Exercise objective
A faithful copy of the data is what is wanted, minus any pictures.

┌─ Collected material

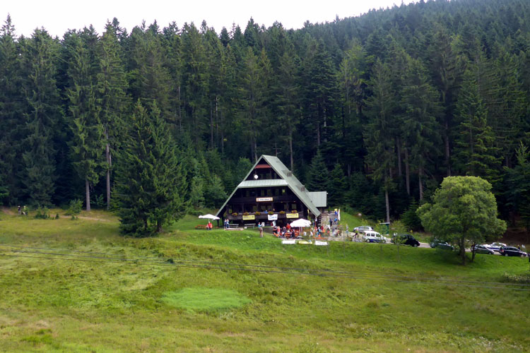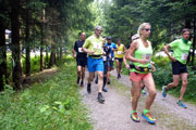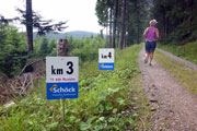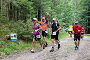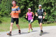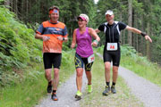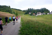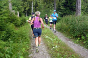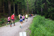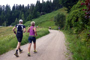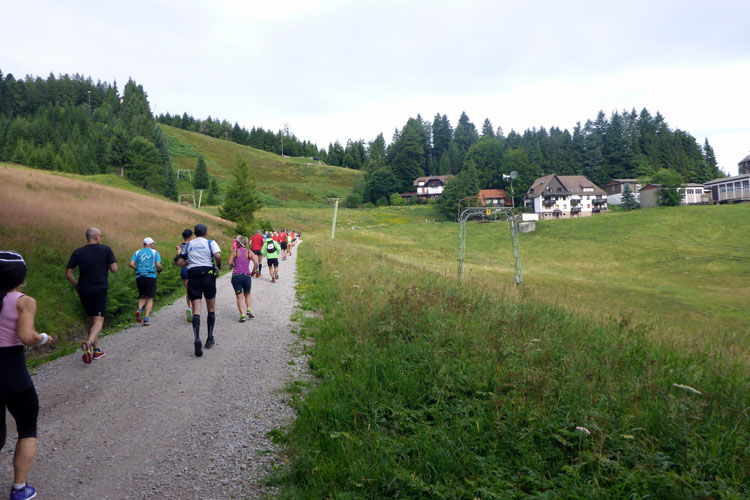 Schließlich naht der Start und wir finden uns vor dem Startbogen unterhalb der Skihütte ein. Außer den wirklich schnellen Läufern scheint sich aber keiner nach ganz vorne zu trauen und so werden wir alle aufgefordert, doch etwas enger zusammenzurücken. Zaghaft kommt das Feld dieser Aufforderung nach und schon geht es los. Rund einen Kilometer Anlauf haben wir, bis wir auf den eigentlichen Rundkurs kommen. Erst mal geht es leicht bergab, dann auf einer langen Geraden stetig bergan. Vom grasgrünen Skihang aus können wir rechts zur Skihütte schauen. Dort wird in ein paar Stunden unser Ziel liegen. Doch soweit denke ich noch gar nicht. Ich bin gespannt was uns erwartet, sortiere mich im Feld ein und versuche den Kontakt mit Kati und Jochen zu halten. Wir sind schließlich auf Höhe des Parkplatzes direkt an der Schwarzwaldhochstraße angekommen und werden nun nach links in den Wald geschickt, der nun unser Laufrevier ist. Der Hornisgrinde Marathon rühmt sich ja, der waldreichste zumindest in Deutschlands zu sein. Auf breiten, gut zu laufenden Forstwegen geht es nun immer leicht ansteigend voran. Das Feld zieht sich zügig auseinander, so dass Kati, Jochen und ich bequem nebeneinander herlaufen und ratschen können. |
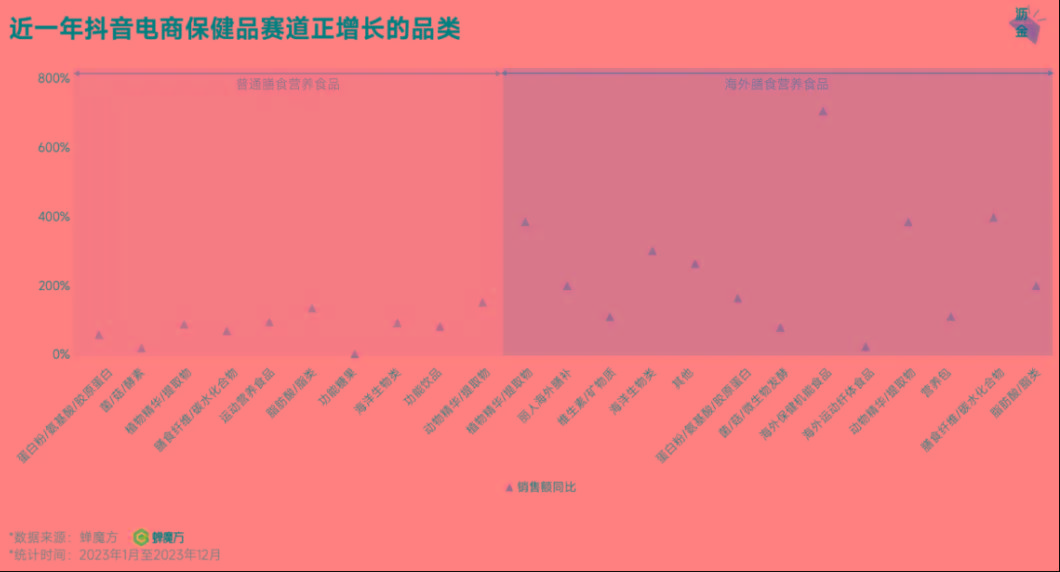 近一年淘宝、天猫,抖音电商保健品赛道的正增长品类
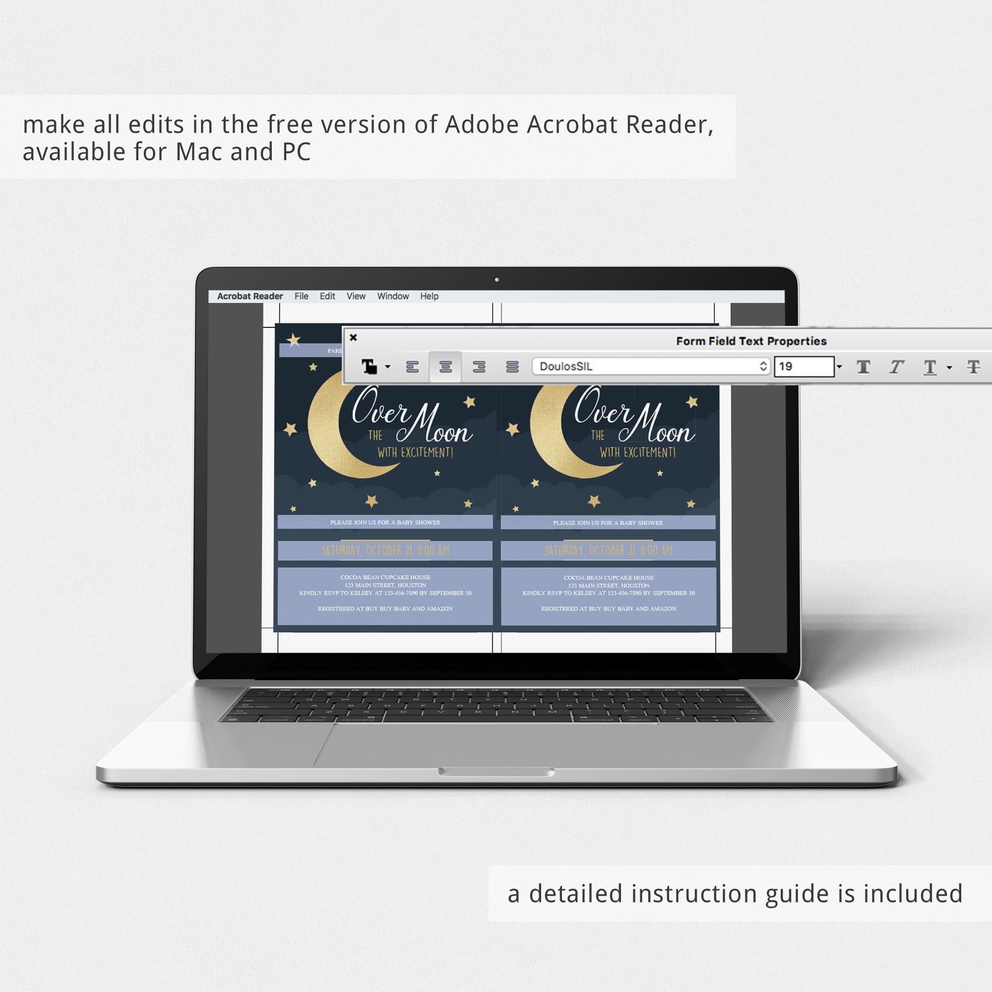 Celebrate the arrival of the little one and amaze your guests with this beautiful Over The Moon baby shower invite!

└─

Exercise output
 Schließlich naht der Start und wir finden uns vor dem Startbogen unterhalb der Skihütte ein. Außer den wirklich schnellen Läufern scheint sich aber keiner nach ganz vorne zu trauen und so werden wir alle aufgefordert, doch etwas enger zusammenzurücken. Zaghaft kommt das Feld dieser Aufforderung nach und schon geht es los. Rund einen Kilometer Anlauf haben wir, bis wir auf den eigentlichen Rundkurs kommen. Erst mal geht es leicht bergab, dann auf einer langen Geraden stetig bergan. Vom grasgrünen Skihang aus können wir rechts zur Skihütte schauen. Dort wird in ein paar Stunden unser Ziel liegen. Doch soweit denke ich noch gar nicht. Ich bin gespannt was uns erwartet, sortiere mich im Feld ein und versuche den Kontakt mit Kati und Jochen zu halten. Wir sind schließlich auf Höhe des Parkplatzes direkt an der Schwarzwaldhochstraße angekommen und werden nun nach links in den Wald geschickt, der nun unser Laufrevier ist. Der Hornisgrinde Marathon rühmt sich ja, der waldreichste zumindest in Deutschlands zu sein. Auf breiten, gut zu laufenden Forstwegen geht es nun immer leicht ansteigend voran. Das Feld zieht sich zügig auseinander, so dass Kati, Jochen und ich bequem nebeneinander herlaufen und ratschen können. |
 近一年淘宝、天猫,抖音电商保健品赛道的正增长品类
 Celebrate the arrival of the little one and amaze your guests with this beautiful Over The Moon baby shower invite!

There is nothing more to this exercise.